Your correspondent makes an excellent point about not wasting this bushfire disaster. Let’s double or triple the funding and staff in our national parks country-wide and use some recovery efforts for the eradication of feral animals as well as invasive exotic flora and protect the environment for our struggling native wildlife and plants. – Christine Hackwood, North Lakes
It is now on the record. Sussan Ley, the federal Environment Minister, said “everything that can be done will be done” to save koalas from extinction. The minister should urgently use her federal powers to stop logging in any koala forests on the NSW north and south coasts that remain unburnt.

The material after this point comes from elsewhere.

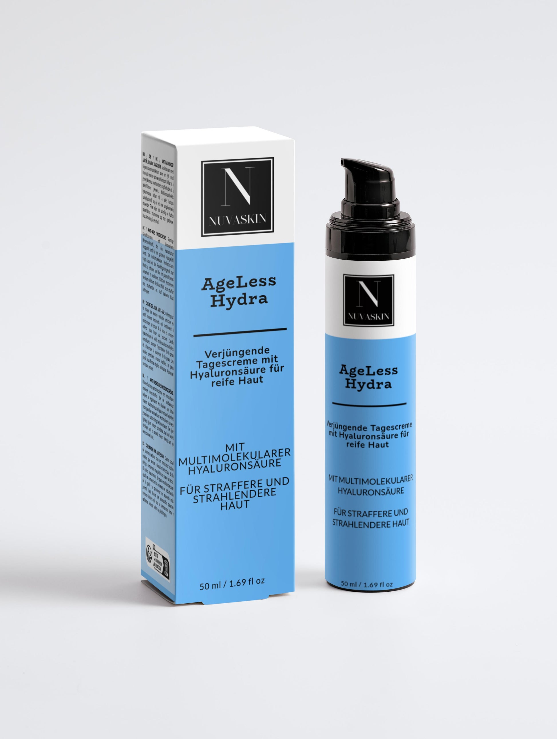 AgeLess Hydra is a luxurious anti-age day cream specially developed for mature skin. With innovative marine active ingredients and multi-molecular hyaluronic acid, it leaves skin feeling smooth and visibly younger-looking. The vegan formula with natural ingredients such as aloe vera and jojoba oil provides intensive care and reduces fine lines.

And she must stem the rampant urban sprawl that is threatening the koalas around Campbelltown, Appin and Wilton. Ironically, these “city” koalas have become even more precious as our more distant forests have become wildlife crematoriums. – Sharyn Cullis, Oatley
I have just finished the saddest book, Dark Emu by Bruce Pascoe. It has moved me to think that our increasingly ferocious and destructive bushfires are karma for the ignorant, cruel, arrogant and greedy takeover of Australia from the original inhabitants. This attitude continues and we are ruining our ancient, fragile, beautiful country by lack of understanding how to live with it rather than imprint our own ideas on how to utilise it. We exploit rather than nurture. – Christine Perrott, Armidale
While unfortunately some died from the bushfires, the “pink mist” from the sky is likely to be the new asbestos of the future (”Retardant threat to water supplies”, January 14). – Tim Schroder, Gordon
Overseas friends texted that they are praying we get rain soon. We replied that our government has been doing only that for several years and they have proven that it’s not a successful strategy. We added that we are living in hope of a Plan B, involving consultation with a number of experts in several fields, including firefighters and climate change scientists, with a long term view towards the future of our children and grandchildren. We also asked them to keep praying, just in case there’s no Plan B. – Peta Patton, Newport
Let’s follow the lead on zero road toll
Pleasing to see Transport Minister Andrew Constance was impressed by Norwegian road safety advertisements (“Zero road deaths : Oslo shows it’s possible”, January 14).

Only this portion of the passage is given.